Task objective: Every line from the one with "Würstelstand – Sausage Stalls" up to and including the one with "MGMA Conducting Labor Law Awareness" is to be output exactly as it appears below; pictures are not.

Extracted material:
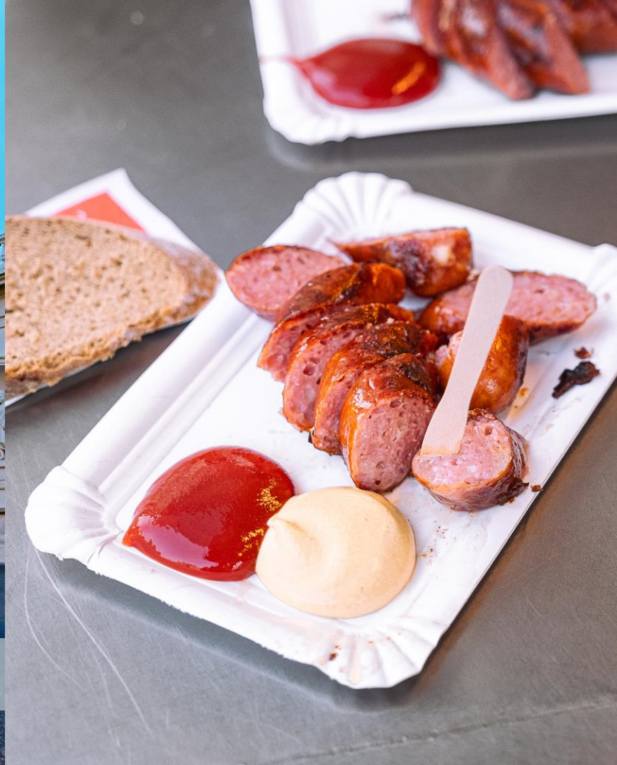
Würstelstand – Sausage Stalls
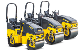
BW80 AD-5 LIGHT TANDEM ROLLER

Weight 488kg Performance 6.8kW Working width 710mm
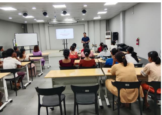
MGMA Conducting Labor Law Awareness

...

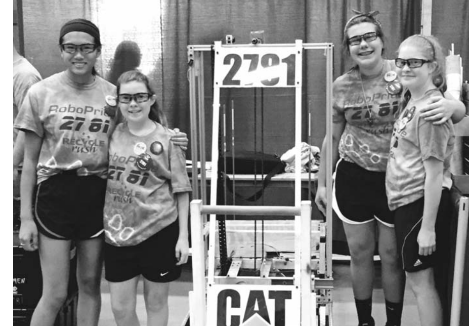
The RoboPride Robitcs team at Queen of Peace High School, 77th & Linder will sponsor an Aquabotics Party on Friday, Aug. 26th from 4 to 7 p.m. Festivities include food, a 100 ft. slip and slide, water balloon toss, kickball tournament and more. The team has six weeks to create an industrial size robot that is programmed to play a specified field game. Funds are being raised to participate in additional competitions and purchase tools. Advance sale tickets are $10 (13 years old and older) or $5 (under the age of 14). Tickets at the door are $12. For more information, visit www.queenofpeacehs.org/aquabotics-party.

Completed task:
Würstelstand – Sausage Stalls
BW80 AD-5 LIGHT TANDEM ROLLER

Weight 488kg Performance 6.8kW Working width 710mm
MGMA Conducting Labor Law Awareness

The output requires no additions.